===== Material supplied =====

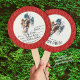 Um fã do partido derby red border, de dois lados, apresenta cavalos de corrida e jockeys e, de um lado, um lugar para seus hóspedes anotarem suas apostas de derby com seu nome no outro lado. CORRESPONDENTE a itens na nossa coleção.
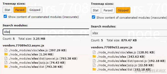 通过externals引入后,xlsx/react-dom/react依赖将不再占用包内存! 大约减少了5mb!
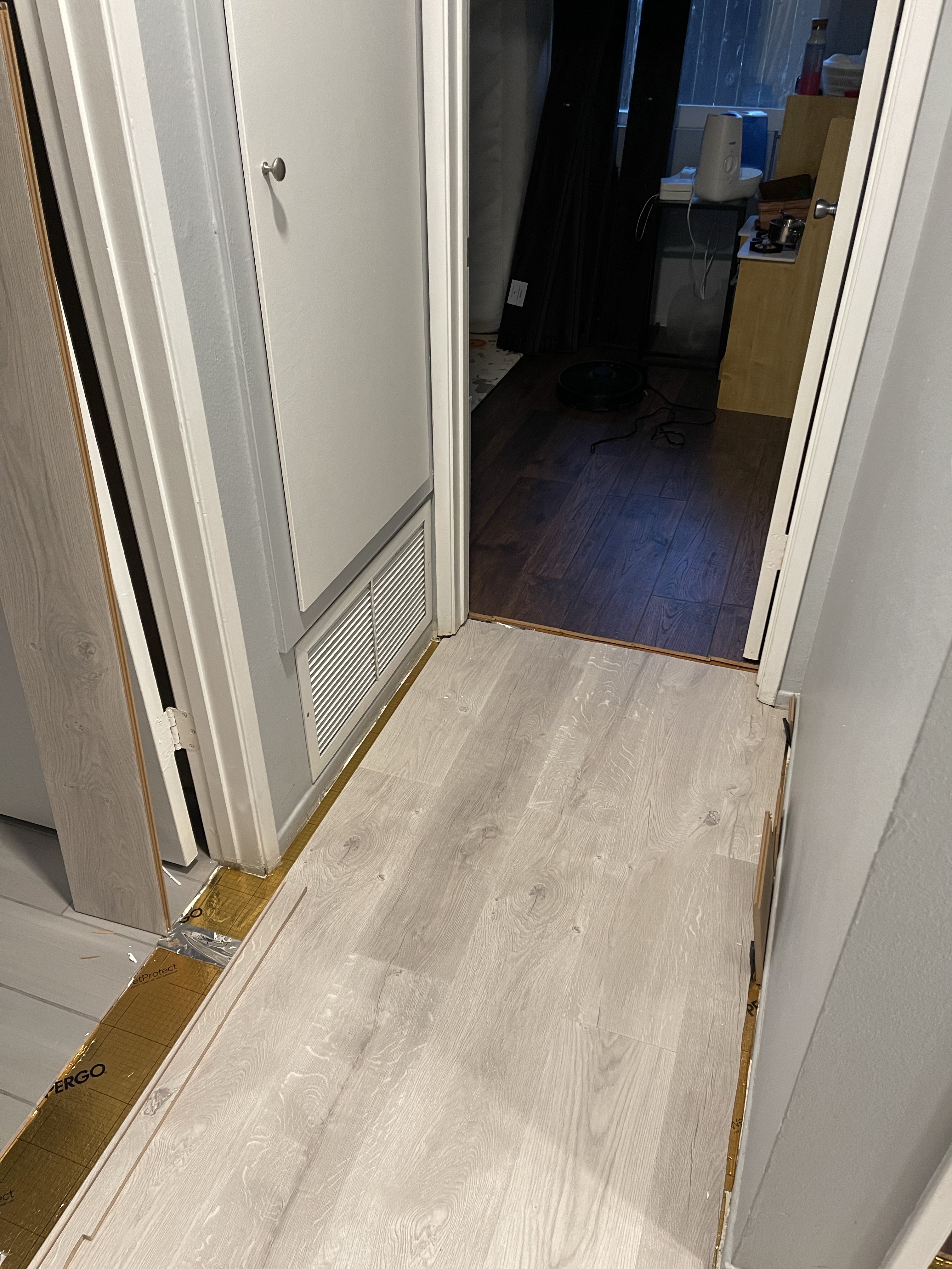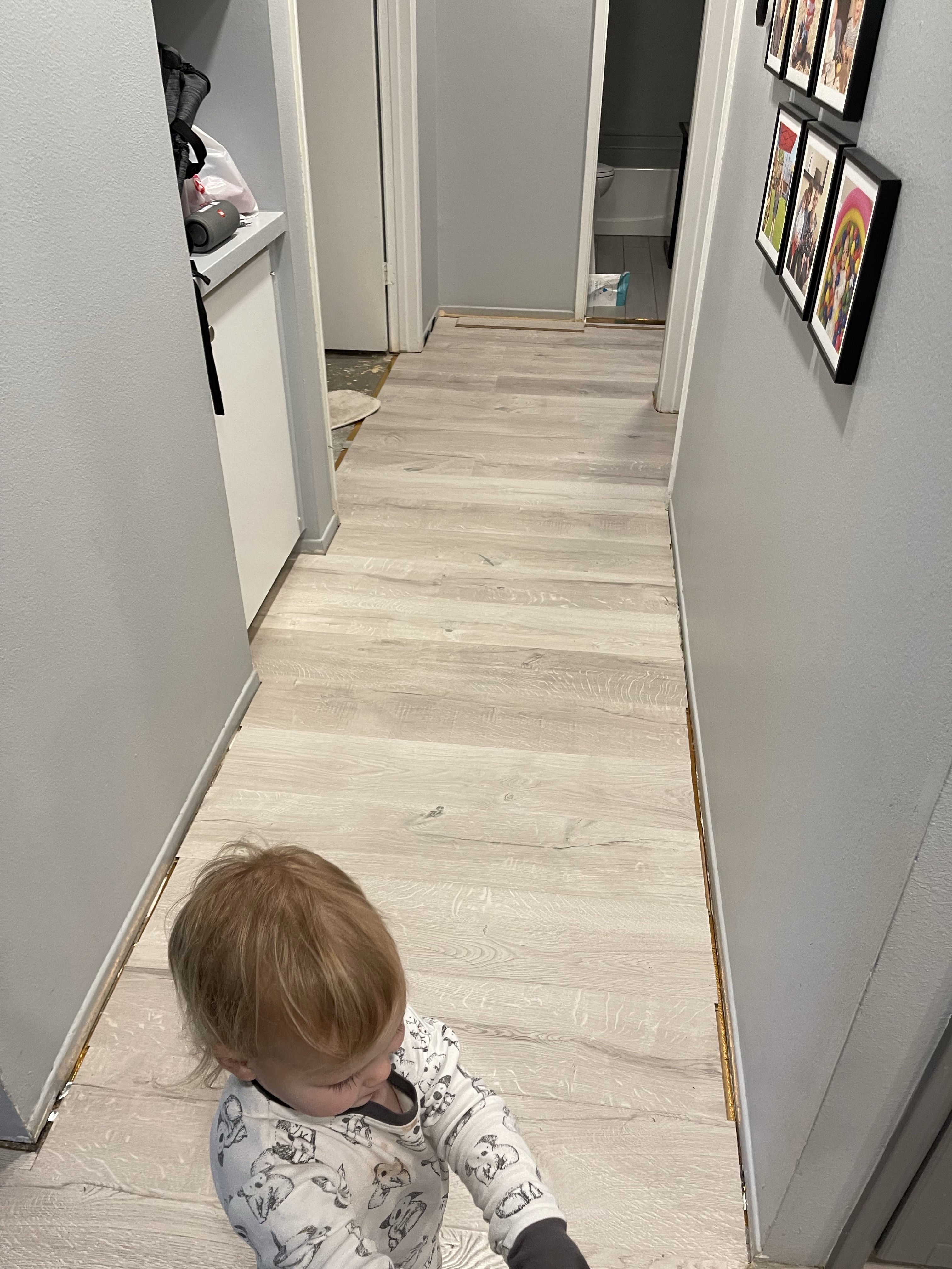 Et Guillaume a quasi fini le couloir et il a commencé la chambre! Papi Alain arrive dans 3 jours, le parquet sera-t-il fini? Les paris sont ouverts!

=====
===== Material supplied =====

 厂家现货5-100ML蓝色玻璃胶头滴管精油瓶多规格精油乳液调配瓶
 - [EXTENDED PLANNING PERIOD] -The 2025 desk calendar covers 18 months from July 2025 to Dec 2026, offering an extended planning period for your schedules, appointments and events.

=====
===== Material supplied =====

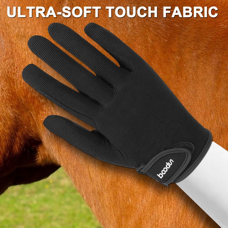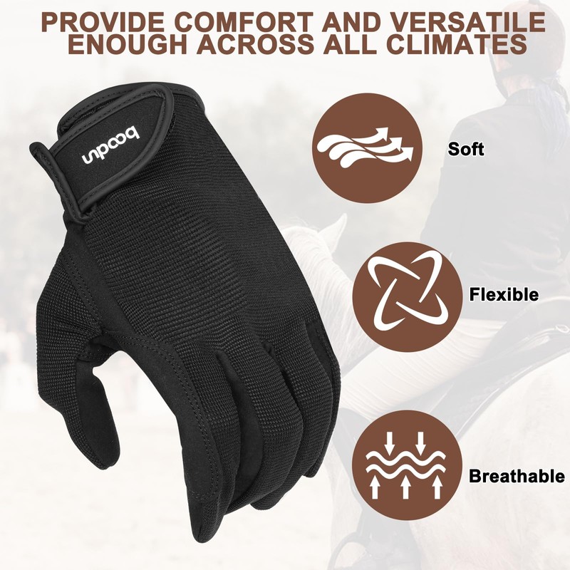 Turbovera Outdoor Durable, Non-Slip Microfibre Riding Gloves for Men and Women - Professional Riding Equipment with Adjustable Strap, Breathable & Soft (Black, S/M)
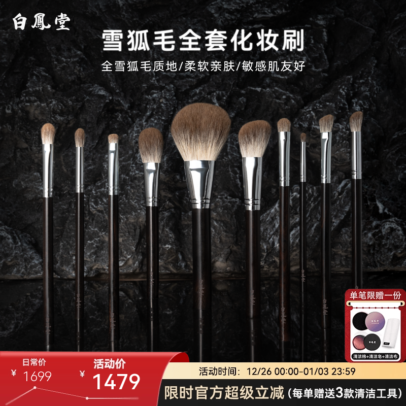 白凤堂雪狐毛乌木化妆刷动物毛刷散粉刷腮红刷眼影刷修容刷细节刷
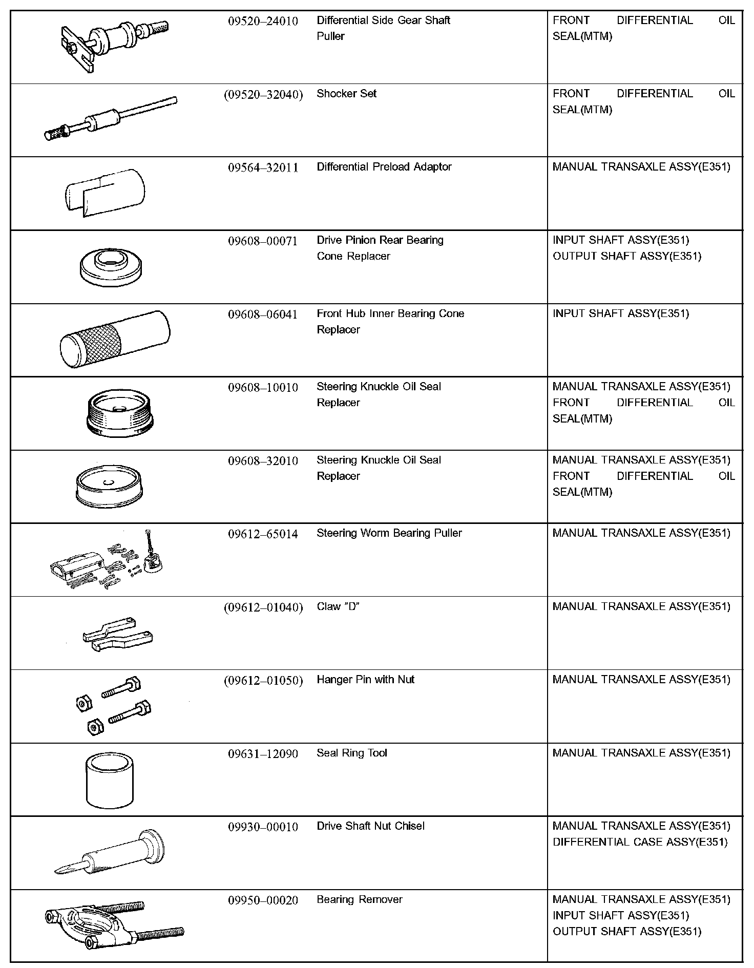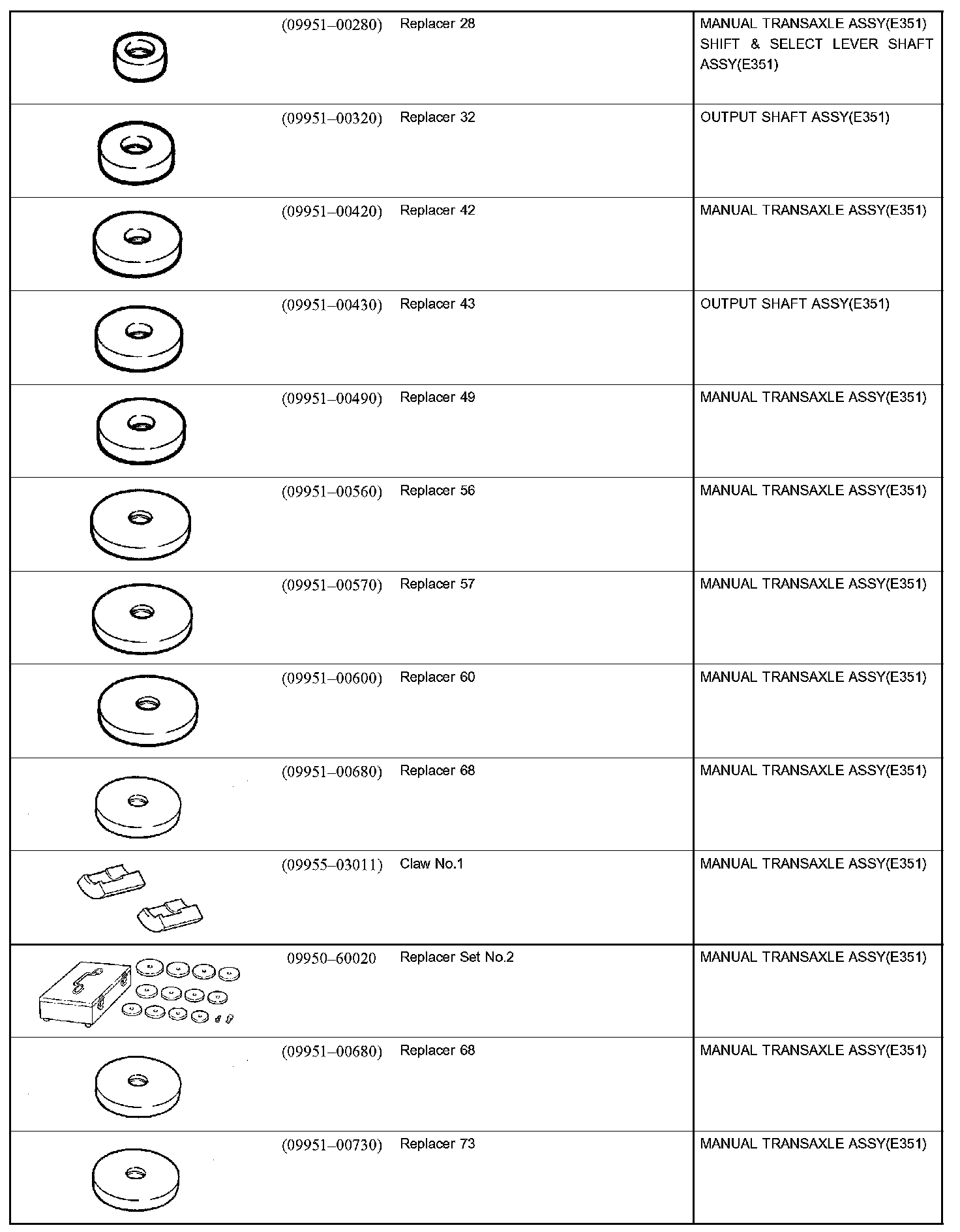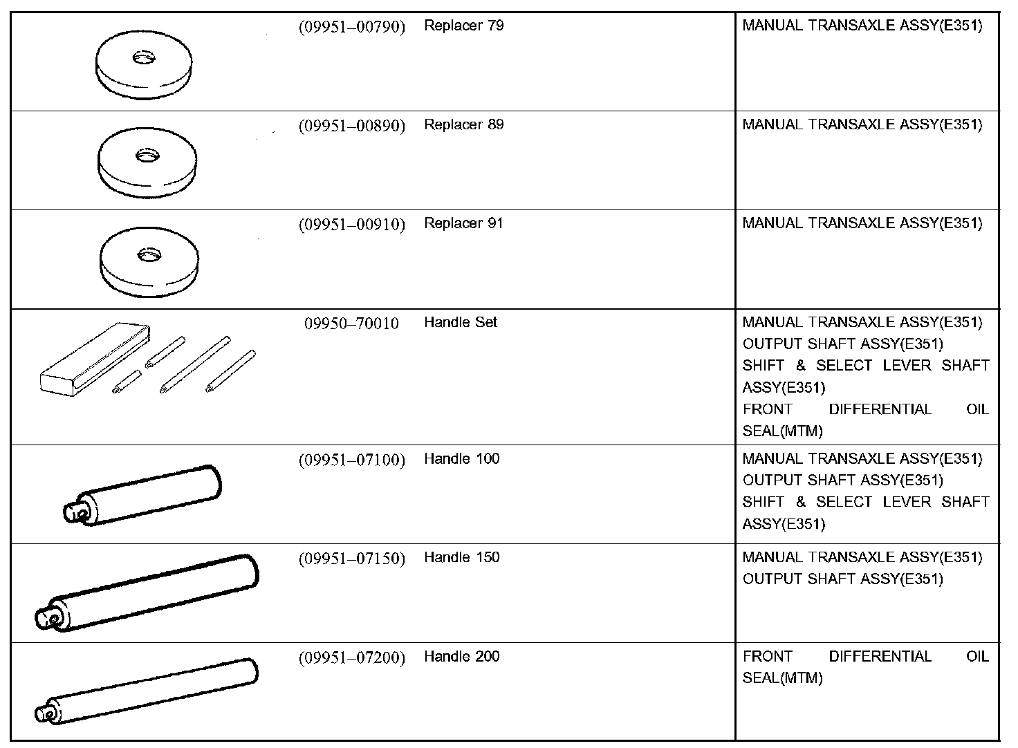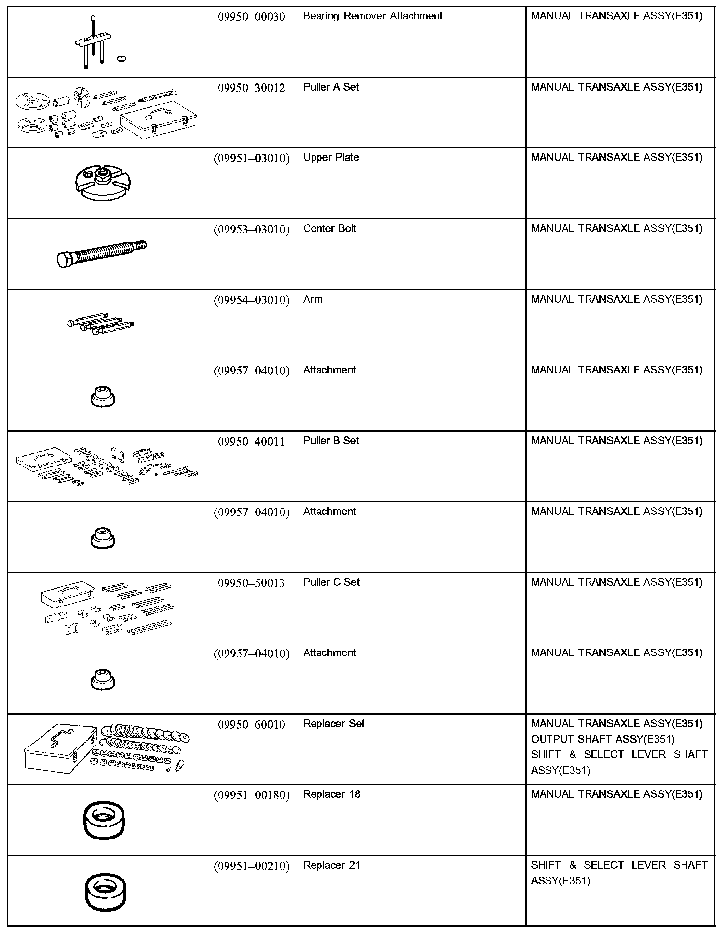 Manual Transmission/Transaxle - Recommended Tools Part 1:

=====

Your task:
The material above holds pictures; leave them out and set down exactly the lines from the line with "通过externals引入后" to the line with "Et Guillaume a", both included.

Answer box:
 通过externals引入后,xlsx/react-dom/react依赖将不再占用包内存! 大约减少了5mb!
 Et Guillaume a quasi fini le couloir et il a commencé la chambre! Papi Alain arrive dans 3 jours, le parquet sera-t-il fini? Les paris sont ouverts!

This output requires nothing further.